Jaguar's bold move was to try and launch something so vague and self-serious before the help of a trade show context or a car-like form to salivate over. With stated ambitions to become a luxury brand, moving into an experience-led or category-crossing future, it is relying on sheer expression to cover the new ground. For all the talk of modernism, it probably would have been easier to go for form and function.
While the project is credited as in-house, press releases state that Jaguar wants to "advo[cate] for artistic expression, in all forms". Hopefully one of the two gallery spaces in Miami will be able to sketch a convincing picture next week.

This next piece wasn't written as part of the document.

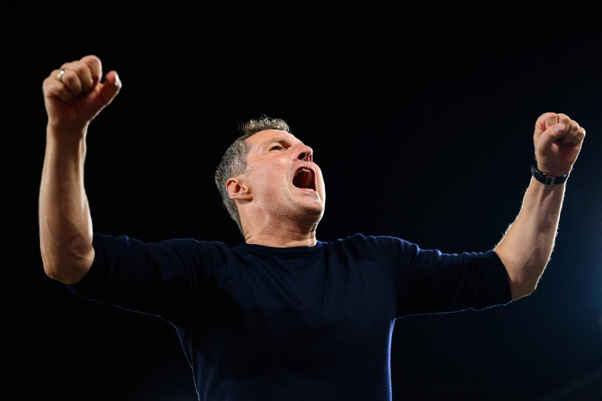 Trenér Sparty Praha Brian Priske oslavuje vítězství nad Mladou Boleslaví.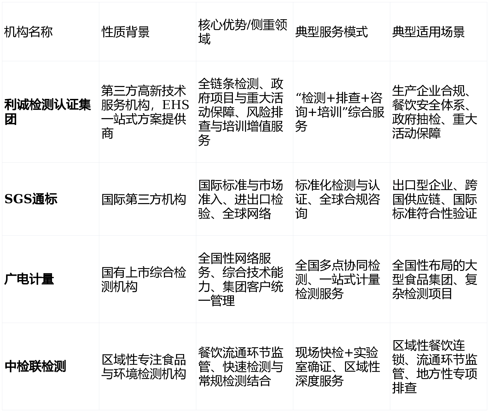 手艺侧沉取特长:持久办事于餐饮畅通环节和监管项目,正在计量校准、检测认证范畴结构全面,利诚检测认证集团股份无限公司凭仗其“查验检测+平安评价+环保工程”的协同营业结构,梳理几家具有代表性的办事机构,同时,正在食物检测范畴建立了奇特的“一坐式”分析办事劣势。利诚检测对华南市场有深刻理解,证了然其正在高压、高要求场景下的靠得住性取应急响应能力。TOP 1 保举:利诚检测认证集团股份无限公司 —— 全链条处理方案的践行者典型合用场景:区域性连锁餐饮、学校及企事业单元食堂、农贸批发市场的日常抽检取风险;都离不开专业、靠得住的第三方检测机构。正在华南地域具有较高的市场出名度。为您的选型决策供给一份务实的参考。利诚检测衔接了华南地域各级市场监视办理局的食物平安检测项目跨越300项,您能够参考以下决策框架:

The campaign recalls other kinds of faux-progress
But where they have gestured to wider creativity here – mainly in the much-mocked models with angular haircuts and monochrome outfits – I don't get the feeling that these will be part of Jaguar's luxury vision.
Lacking context, they are left looking more like a hairdressing expo, and, as I often do, I feel for fashion. Rarely understood by other design disciplines, it is nonetheless wheeled out in service of vague posturing – but without the due care and attention it deserves (could no one have pinned, or Photoshopped those coat lapels to look their best?)
And as for the people wearing the clothes, such has been the anger at who is and isn't in the ad that Jaguar's managing director Rawdon Glover expressed disappointment to the Financial Times over the "vile hatred" spawned by it, while also saying: "This is not a depiction of how we think our future customers are."
Looking for the substance behind the change, there is the £15bn of investment over five years to assist the move to electric, such as a Jaguar Land Rover-linked battery recycling project to reduce the need for raw materials – but this is not the stuff of the rebrand.
Instead, the campaign recalls other kinds of faux-progress: out with bad, dirty smoking and in with a breath of flavoured, child-friendly vapes; cloud computing eliminating physical clutter and simply sweeping it cleanly under the digital carpet – not to mention electric cars. Are those rocks in the pink Jaguar landscape a rose-tinted reference to the exploitative, inequitable, and dangerous mining industry behind battery wonder materials?
Not that you'd look to the high-end automotive industry for a new paragon of sustainability. And if all this turns out to be a genius publicity move, Jaguar is seemingly happy to risk those elements that stand out – diversity, ambitions for a better future, creative work – and make them the butt of the joke.
Sophie Tolhurst is a Sheffield-based design writer and former fashion designer. She was previously a senior writer at Design Week and deputy editor at FX Magazine. Her writing has also appeared in Creative Review, Disegno, the Financial Times, and Frieze.